What is required:
Write out the data exactly, please, and omit the pictures.

Recorded data Block Start

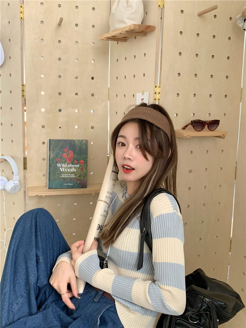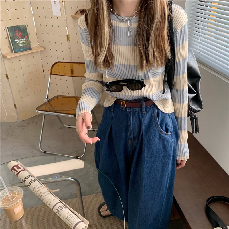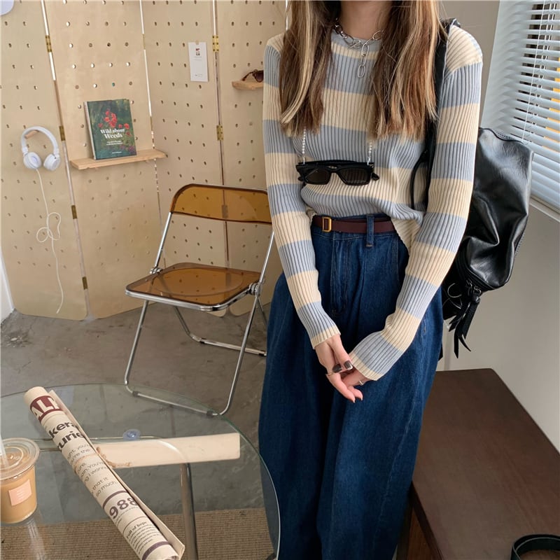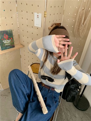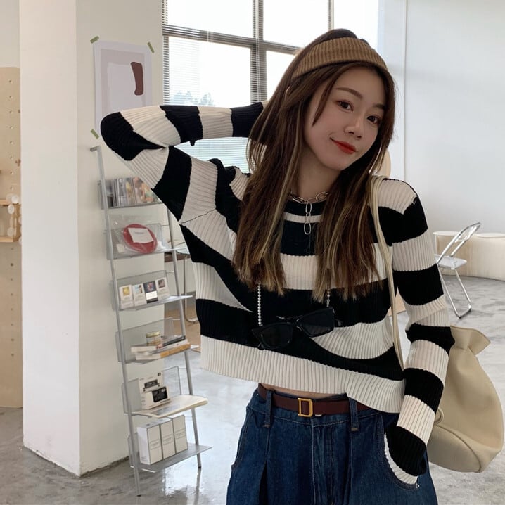 ショートプルオーバー セーター シャツ オータムストライプスリム薄手ニットトップス ロング 秋物 kumikum10096699492
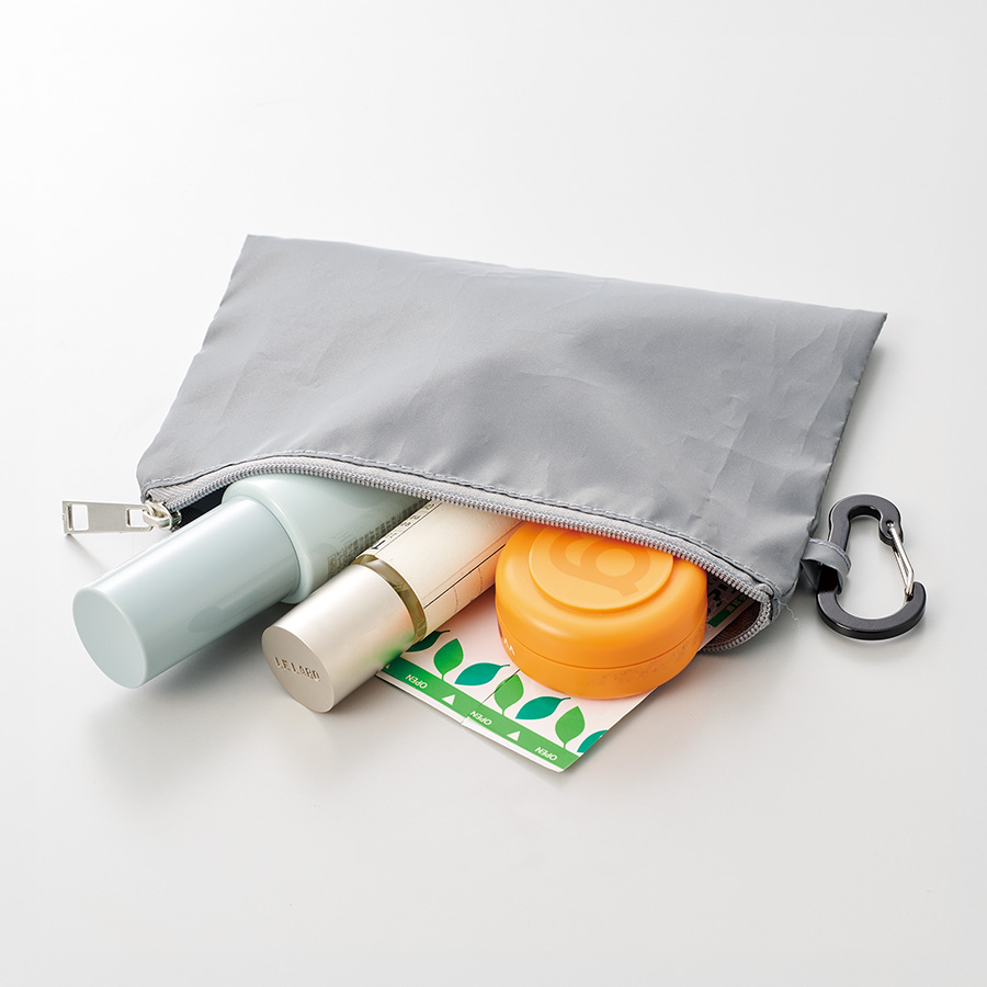 S・Mの2サイズ展開で、Mサイズはコスメやガジェットなど少し大きめのものでも入れることができるサイズ感です。
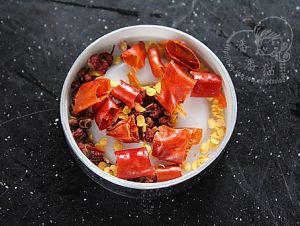 锅底烧一点油,油冒烟后关火。把花椒和干辣椒段倒进锅里,马上就能闻到麻辣诱人的味道。
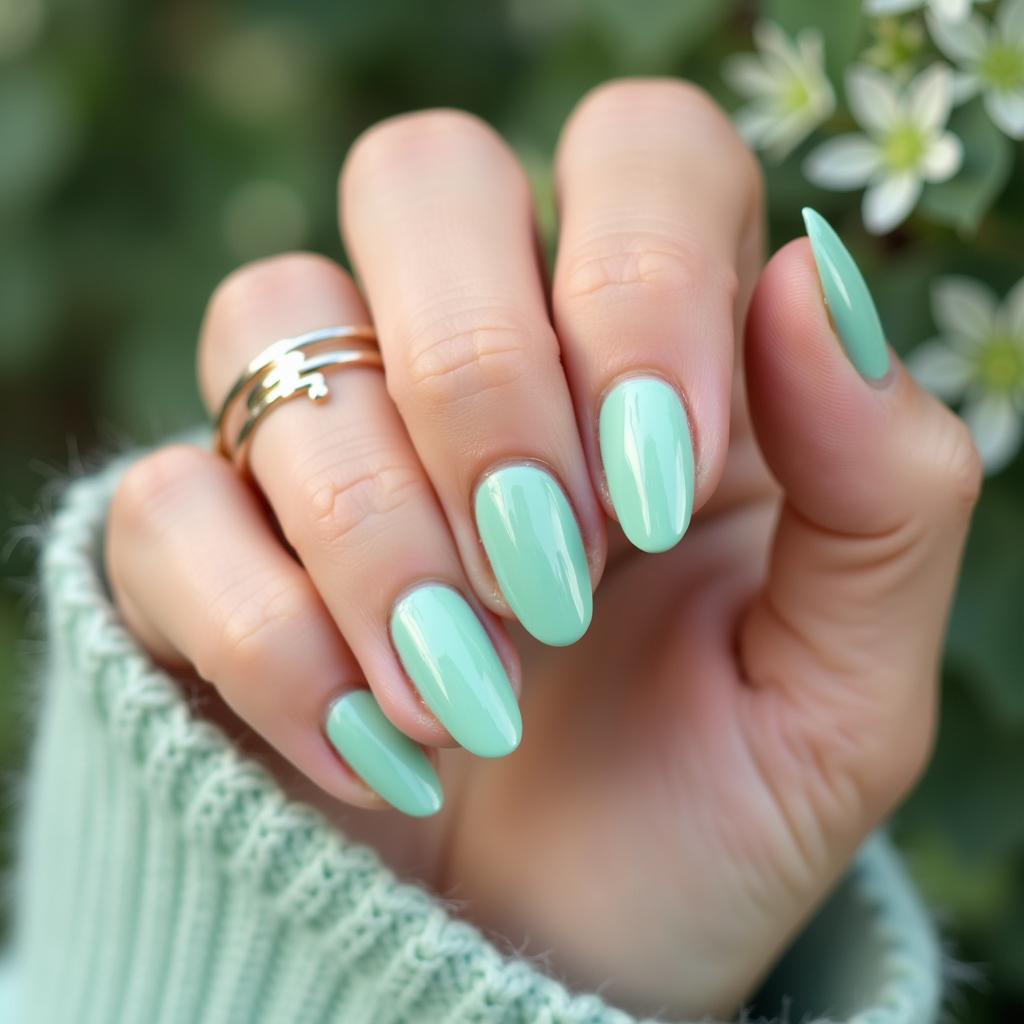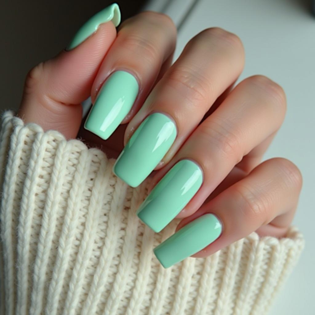 Go for a fresh, clean look with a solid mint green manicure. It’s subtle, stylish, and perfect for both casual and formal occasions.

Recorded data Block End

Result of the task:
 ショートプルオーバー セーター シャツ オータムストライプスリム薄手ニットトップス ロング 秋物 kumikum10096699492
 S・Mの2サイズ展開で、Mサイズはコスメやガジェットなど少し大きめのものでも入れることができるサイズ感です。
 锅底烧一点油,油冒烟后关火。把花椒和干辣椒段倒进锅里,马上就能闻到麻辣诱人的味道。
 Go for a fresh, clean look with a solid mint green manicure. It’s subtle, stylish, and perfect for both casual and formal occasions.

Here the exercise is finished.